Star Trek: The New Voyages
- First printing (Mar 1976)
- Editor: Sondra Marshak and Myrna Culbreath
- Cover artist: S. Fantoni
- Language: English
- Series: Star Trek
- Subject: Star Trek
- Publisher: Bantam Books X2719
- Publication date: March 1976
- Publication place: United States
- Media type: Print (Paperback)
- Pages: 237
- OCLC: 2106368
- Dewey Decimal: 823.91
- Followed by: Star Trek: The New Voyages 2

= Star Trek: The New Voyages =

Star Trek: The New Voyages (1976) is an anthology of short fiction based on Star Trek, edited by Sondra Marshak and Myrna Culbreath. Although published professionally, the collected stories were written and submitted by fans. Many of the stories were previously published in fanzines, or collected in fan-published anthologies. The New Voyages was commissioned by Frederik Pohl following his acquisition of Star Trek Lives!, which featured essays on the growing Star Trek fandom, and a chapter on Star Trek fan fiction.
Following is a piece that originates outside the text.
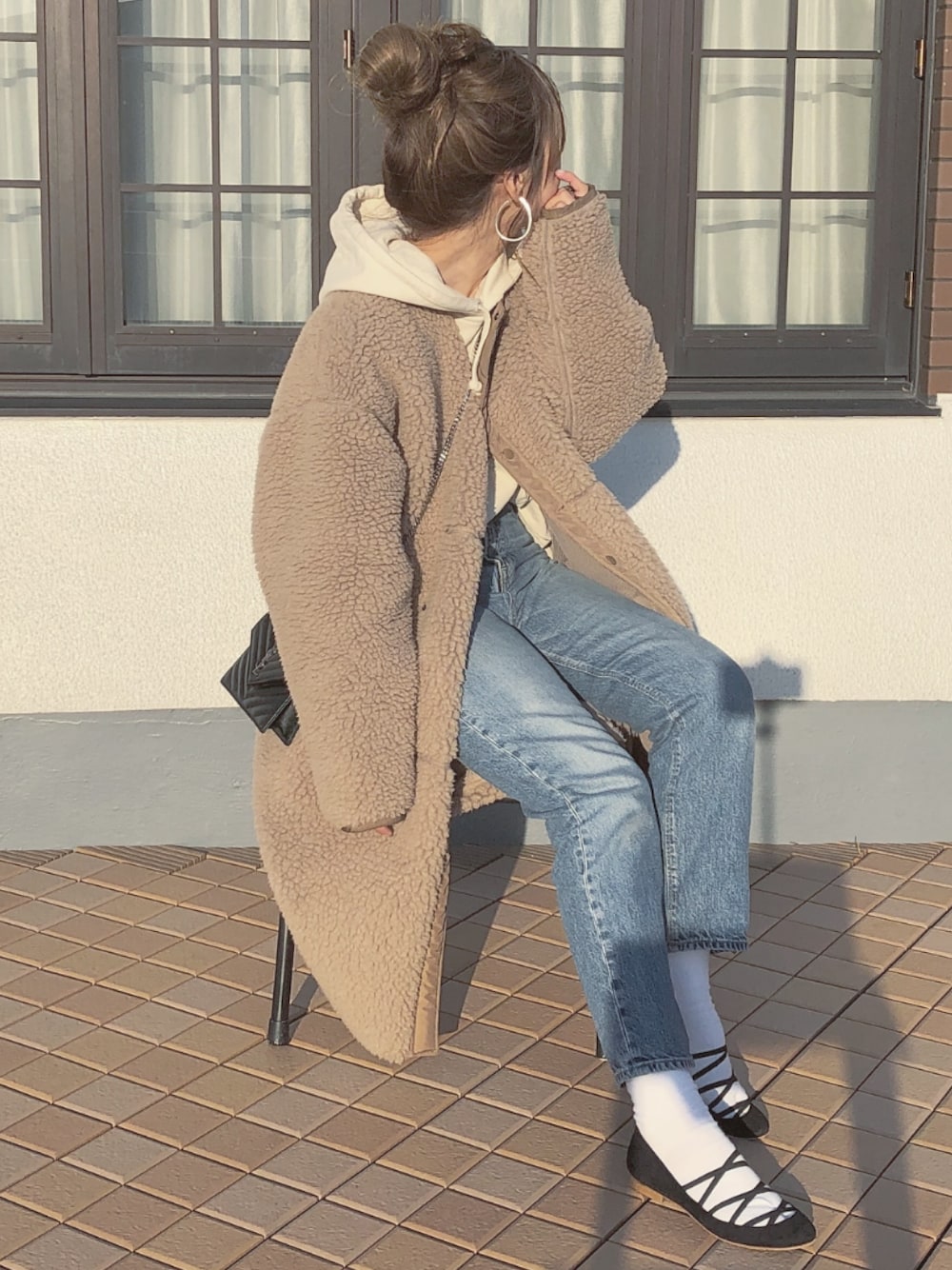 izuminのその他アウター「<HYKE(ハイク)> ボア ロングコート BEIGE■■■」を使ったコーディネート

From 1976 to 1996, The New Voyages was reprinted twenty times. The final printing by Bantam Spectra, in 1996, featured new cover art by Kazuhiko Sano.

Marshak and Culbreath continued collecting stories for future volumes following publication of the anthology. The "Acknowledgments" page listed an address where manuscript submissions, and feedback, could be delivered.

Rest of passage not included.